Yeah.. we needed the money injection in 2020/21 because of the pandemic, lockdowns. etc. And probably though that money should not have been given so liberally. Frankly,, people like my parents on their fixed incomes, didn;t see a decline in income, so they simply put the stimulus money away (hence savings rate hike) and then spent it as the pandemic and the risks of infection declined and then felt safe getting out and shopping.
I bought a new car in 22 and I was lucky to pay 1000 below sticker. Most sales were 10 to 25% over MSRP. And I still waited 4 months to get it.
that new bathroom or kitchen is still taking months to get someone to do it. Anything that requires labor is taking longer as we have had a radical change in the workforce.
A lot of part time and full time older people, and working parents in my opinion have reevaluated whether working is beneficial or they would rather stay home. And this has led to the labor crunch and supply issues.
 
First time posting a thread.
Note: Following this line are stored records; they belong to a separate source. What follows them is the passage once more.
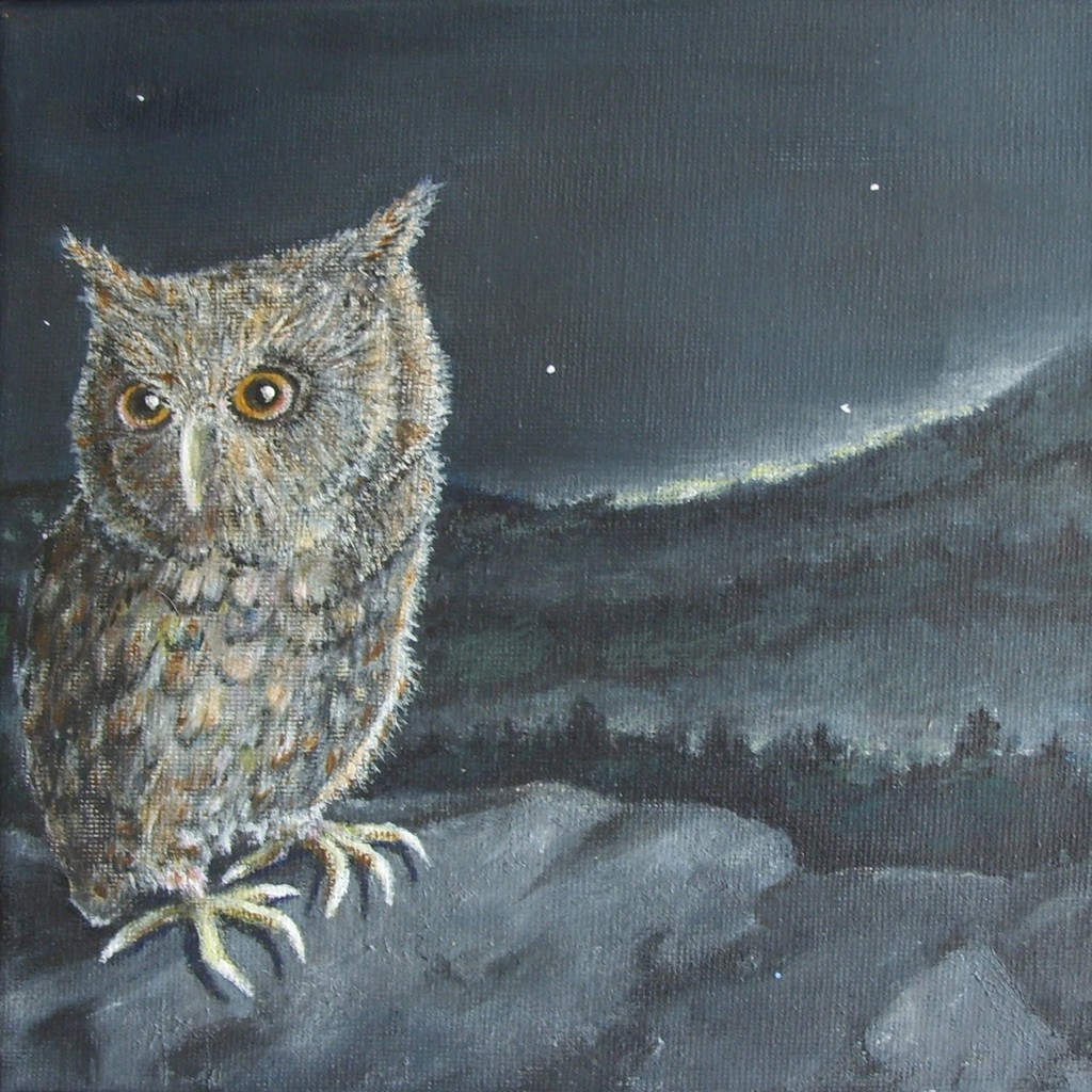 Nacht Uil Sterren Maanlicht Donker Grijs Acryl Dier
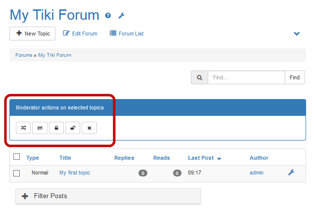 Using this toolbar, you can select topics in the forum and:- Move a topic from one forum to another.
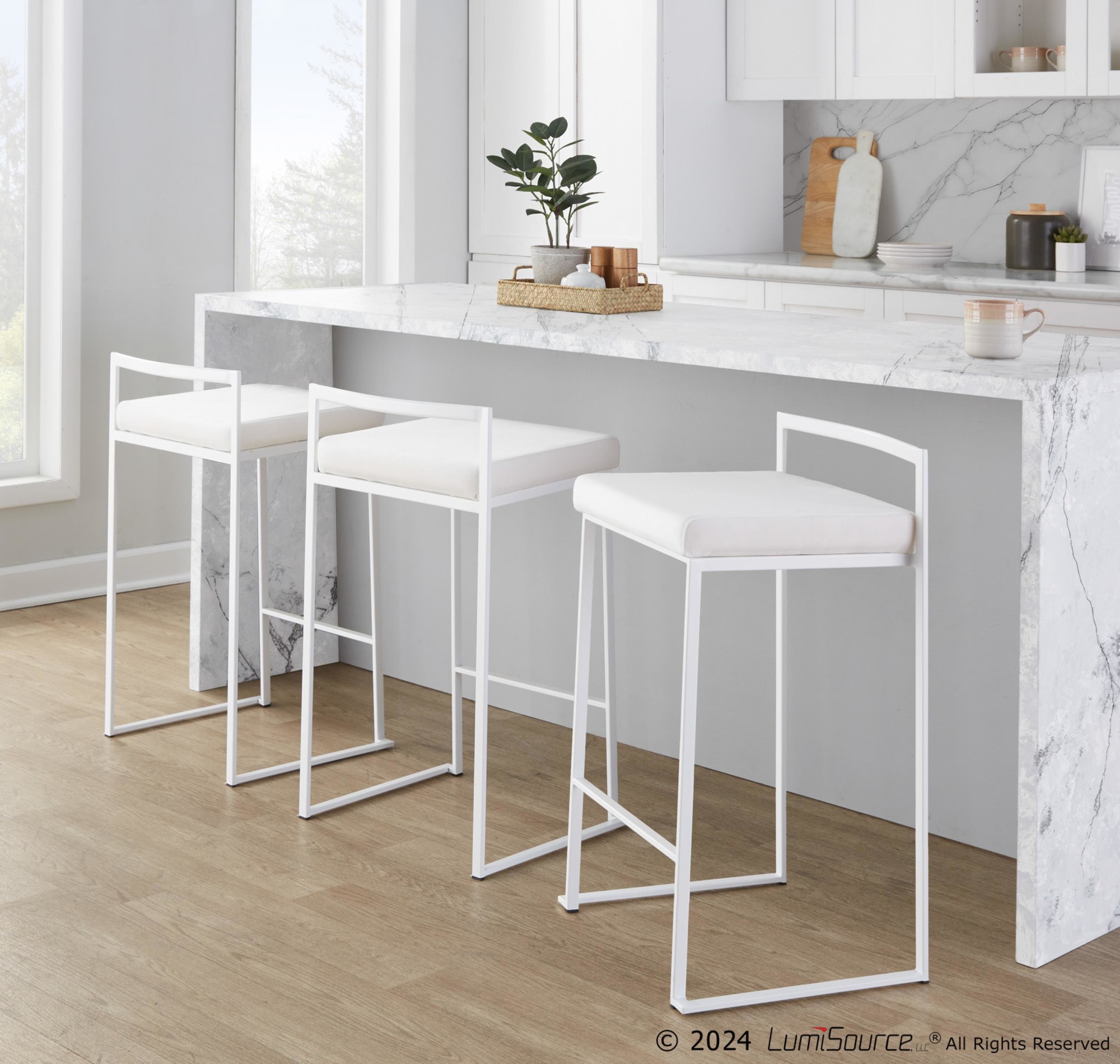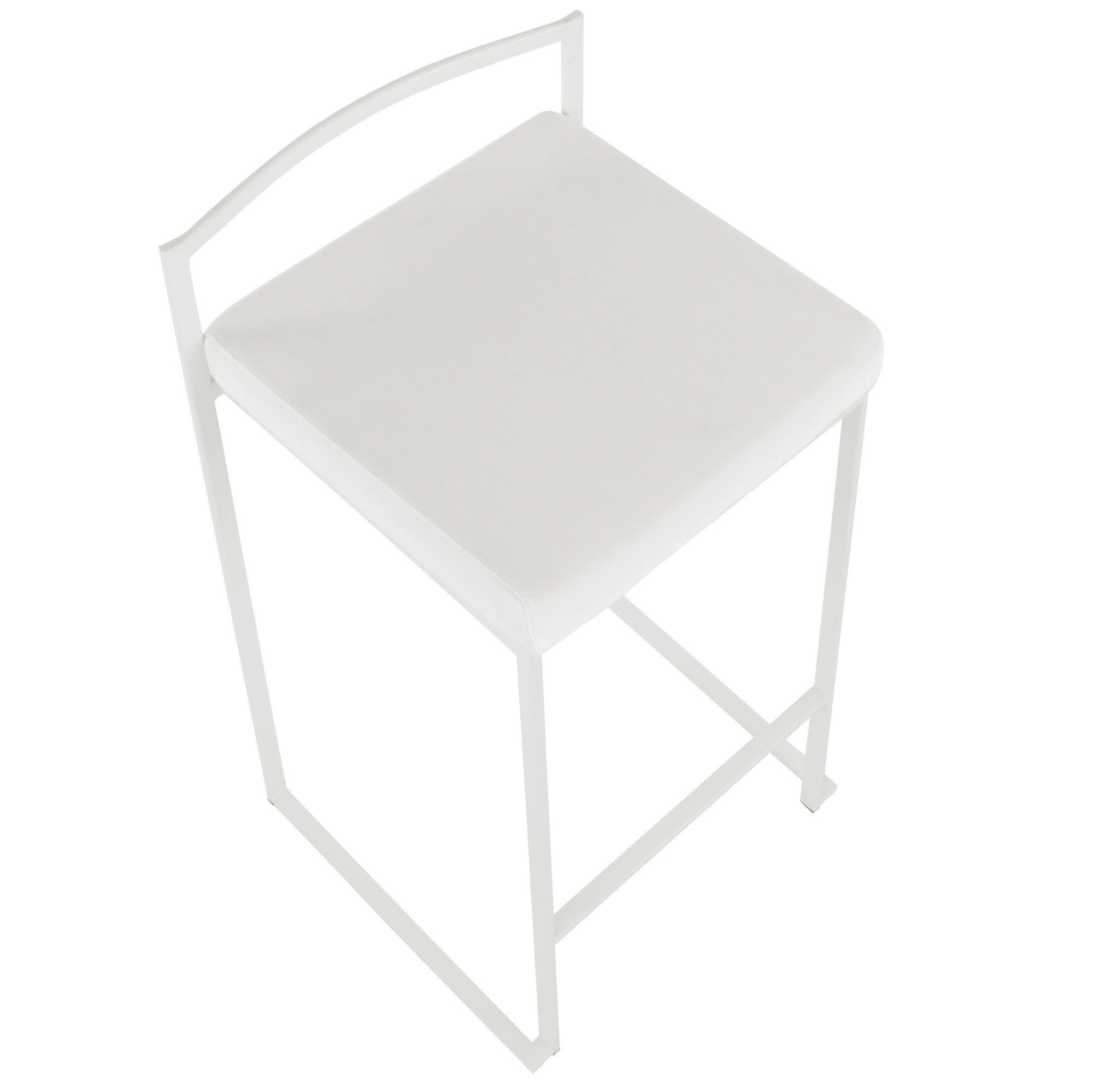 Fuji Contemporary White Velvet Stackable Counter Stools (Set of 2) (Set of 2)

Apologies if something is in error.

During the Lame Duck session, while the Democrats are still in power, why aren't they moving legislation to Eliminate the Debt Cap requirement via eliminating the cap, raising it to a level that is not an issue for several years, or giving the power the the Secretary of Treasury.



Here is a nice article on what could be done:
As near as I can tell there is nothing on board for the lame duck and plenty of things they could work on. Keeping my fingers crossed and looking forward to younger leadership in the Senate as well.
 
First time posting a thread. Apologies if something is in error.

During the Lame Duck session, while the Democrats are still in power, why aren't they moving legislation to Eliminate the Debt Cap requirement via eliminating the cap, raising it to a level that is not an issue for several years, or giving the power the the Secretary of Treasury.



Here is a nice article on what could be done:
That issue will get resolved. May as well do something that only democrats are for while there is still an opening.